Each line below should be retyped exactly, with no pictures.

_Dataset content_.

BEGIN

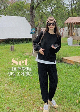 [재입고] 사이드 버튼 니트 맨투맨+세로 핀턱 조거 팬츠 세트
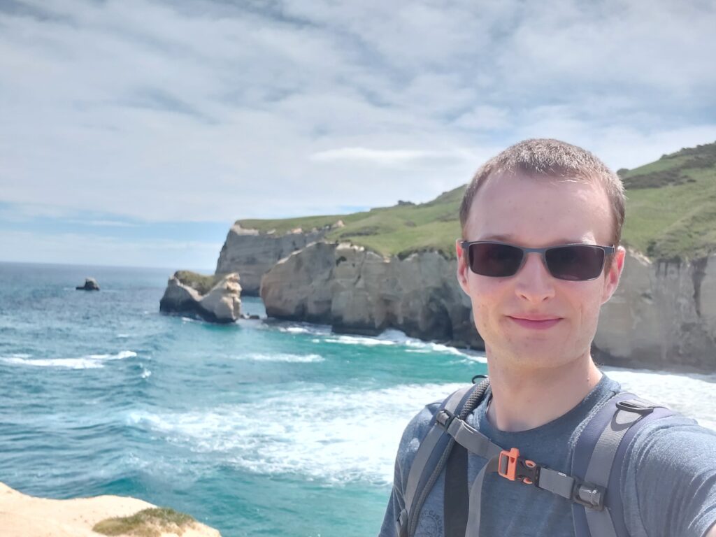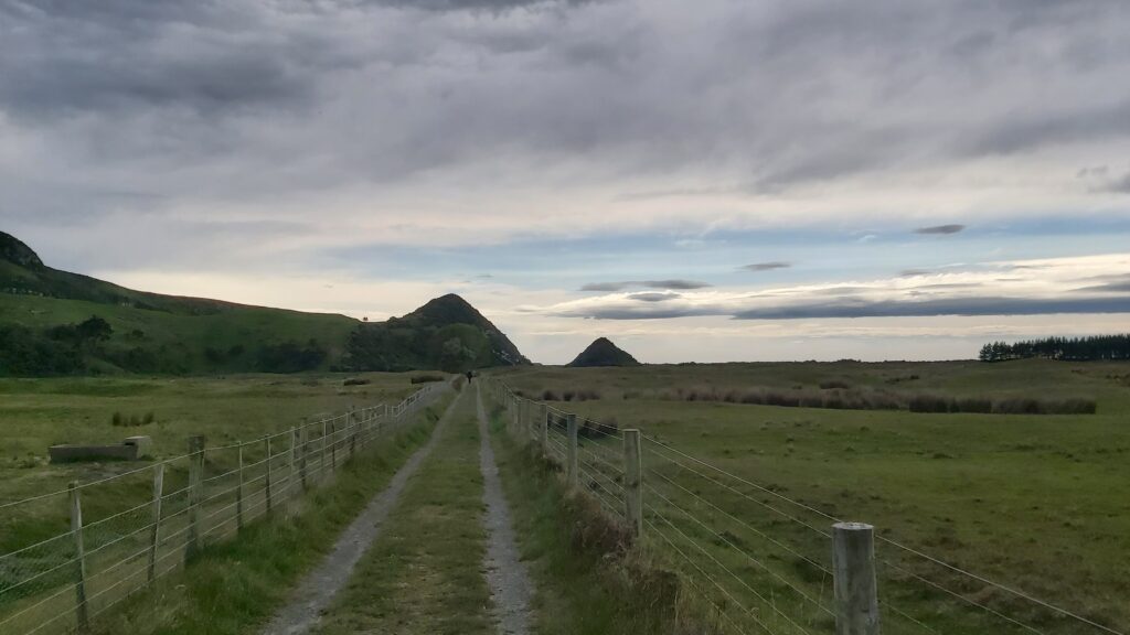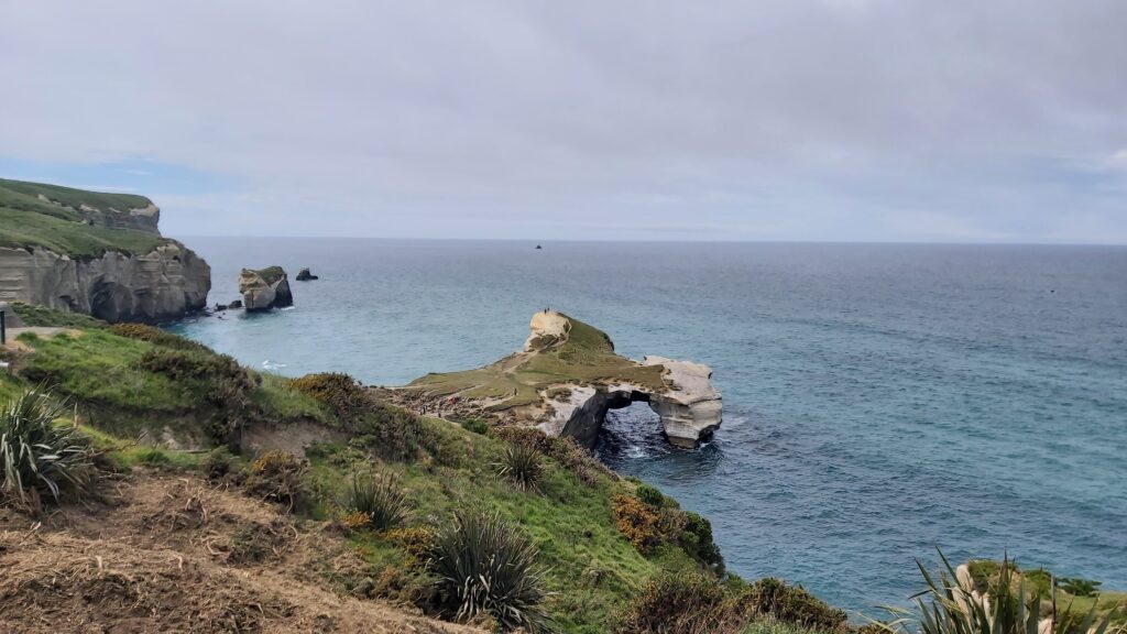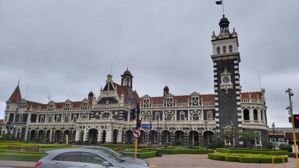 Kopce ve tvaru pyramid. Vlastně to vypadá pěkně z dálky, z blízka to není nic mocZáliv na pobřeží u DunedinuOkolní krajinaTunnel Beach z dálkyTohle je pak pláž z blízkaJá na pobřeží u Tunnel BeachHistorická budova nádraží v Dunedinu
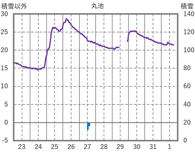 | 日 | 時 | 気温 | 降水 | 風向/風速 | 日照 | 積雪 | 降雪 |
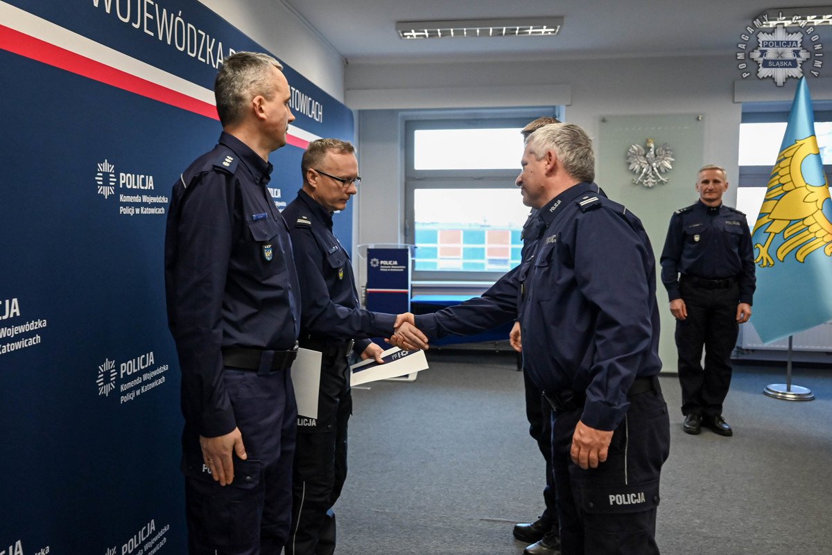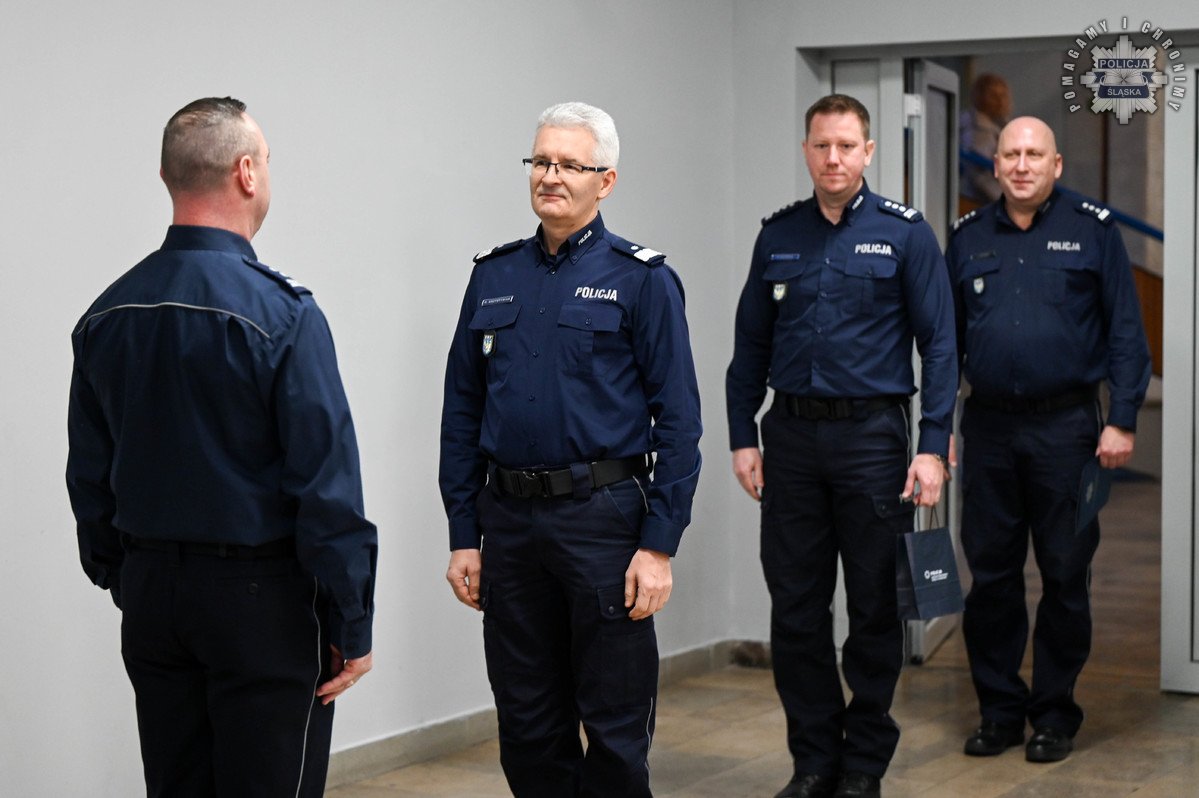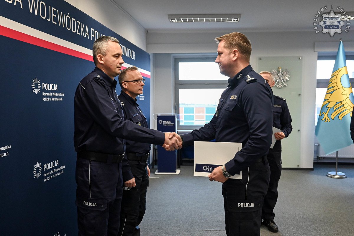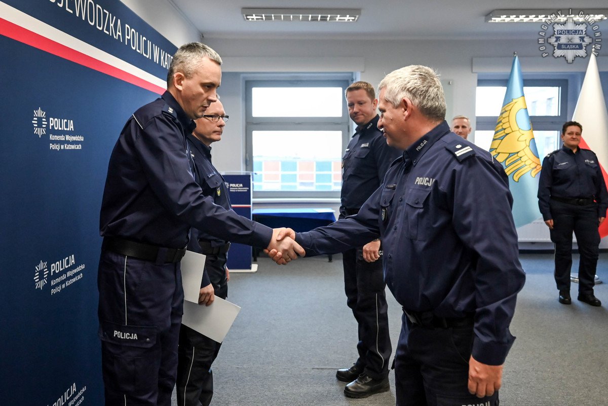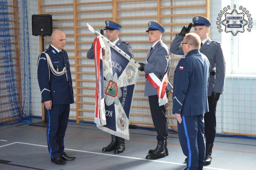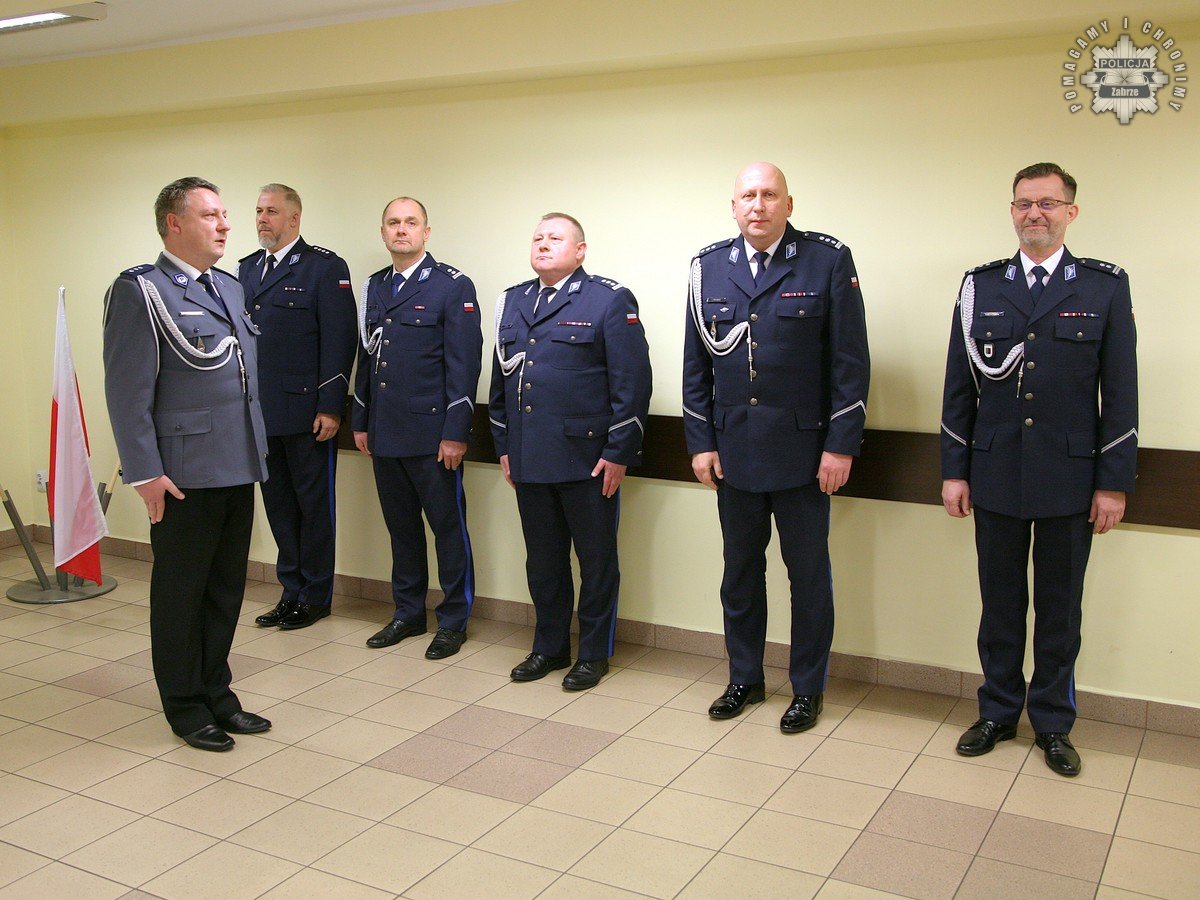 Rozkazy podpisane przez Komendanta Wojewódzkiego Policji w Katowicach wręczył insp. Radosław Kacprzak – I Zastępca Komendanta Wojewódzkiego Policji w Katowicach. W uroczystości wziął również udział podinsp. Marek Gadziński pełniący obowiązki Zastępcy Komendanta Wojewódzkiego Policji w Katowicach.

END

_Solution_.
 [재입고] 사이드 버튼 니트 맨투맨+세로 핀턱 조거 팬츠 세트
 Kopce ve tvaru pyramid. Vlastně to vypadá pěkně z dálky, z blízka to není nic mocZáliv na pobřeží u DunedinuOkolní krajinaTunnel Beach z dálkyTohle je pak pláž z blízkaJá na pobřeží u Tunnel BeachHistorická budova nádraží v Dunedinu
 | 日 | 時 | 気温 | 降水 | 風向/風速 | 日照 | 積雪 | 降雪 |
 Rozkazy podpisane przez Komendanta Wojewódzkiego Policji w Katowicach wręczył insp. Radosław Kacprzak – I Zastępca Komendanta Wojewódzkiego Policji w Katowicach. W uroczystości wziął również udział podinsp. Marek Gadziński pełniący obowiązki Zastępcy Komendanta Wojewódzkiego Policji w Katowicach.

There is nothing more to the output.